DataAPI.jl icon indicating copy to clipboard operation
DataAPI.jl copied to clipboard

Column selectors should guarantee column order is preserved

Open CameronBieganek opened this issue 4 years ago • 3 comments

I think that all column selectors (other than arrays) should guarantee that the column order in the original table is preserved. One would certainly expect that to be the case for Between, though it's not explicitly mentioned in the docstring. It would be a bummer if you had foo(x, y) = 2x .+ y but Between(:x, :y) => foo happened to lower to [:y, :x] => foo instead of [:x, :y] => foo.

And I think it makes sense to guarantee column order preservation for the other selectors. E.g.

df = DataFrame(a=1, b=2, c=3)
select(df, Not(:b) => foo)

should be guaranteed to lower to

select(df, [:a, :c] => foo)

rather than

select(df, [:c, :a] => foo)

I'm not totally certain the best way to specify the column ordering properties of Cols, but I think this specification makes sense:

  • Individual column selectors inside Cols are first lowered to (ordered) arrays.
    • The lowering of the individual column selectors (except for arrays) follows the rule above that table column order should be preserved.
  • Cols is then lowered as follows: Cols(A, B, C) ==> [A, B\A, C\(A ∪ B)] (where the arguments on the right side are splatted into the array).

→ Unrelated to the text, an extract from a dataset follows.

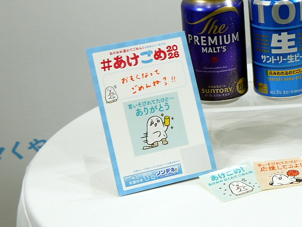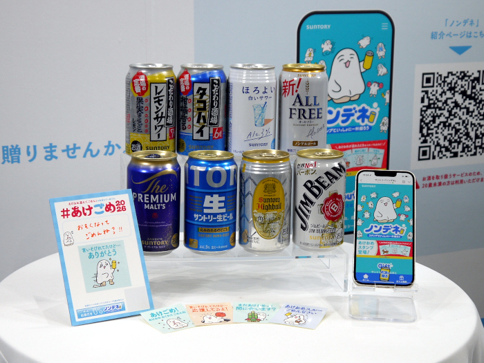 サントリーは、“人と人をつなぐ”というお酒の魅力を感じてもらうことを目的に、お酒ギフトサービス「ノンデネ」を提供している。今回、年始の挨拶をいいそびれた人向けに、1月7日から9日まで、年始の挨拶は今からでも遅くないことを呼びかける体験型イベント「#あけごめ by ノンデネ」をJR東京駅 八重洲中央改札外で開催する。初日に行われたプレス内覧会では、正月の松の内が終わるタイミングの1月7日から年賀イベントを実施する背景や狙いについて説明すると共に、会場のコンテンツ内容が公開された。

Since setdiff on arrays preserves the order of the first argument to setdiff, we get the following behavior:

df = DataFrame(a=1, b=2, c=3)
Cols([:c, :b], [:a, :b]) == [:c, :b, :a]
Cols(r"[bc]", r"[ab]") == [:b, :c, :a]

CameronBieganek avatar Apr 28 '20 19:04 CameronBieganek

What you propose is exactly how it is implemented in DataFrames.jl (unless I made a bug in the code).

Essentially the rule can be stated that: column selectors are evaluated left to right and if a duplicate is encountered it is ignored.

bkamins avatar Apr 28 '20 21:04 bkamins

What you propose is exactly how it is implemented in DataFrames.jl

Agreed, that is how it is currently implemented in DataFrames.jl. I just thought it might be a good idea to make the order guarantee explicit in DataAPI.jl.

CameronBieganek avatar Apr 28 '20 21:04 CameronBieganek

Going back to this issue - would you care to make a PR implementing the proposed changes? Thank you!

bkamins avatar Sep 04 '21 21:09 bkamins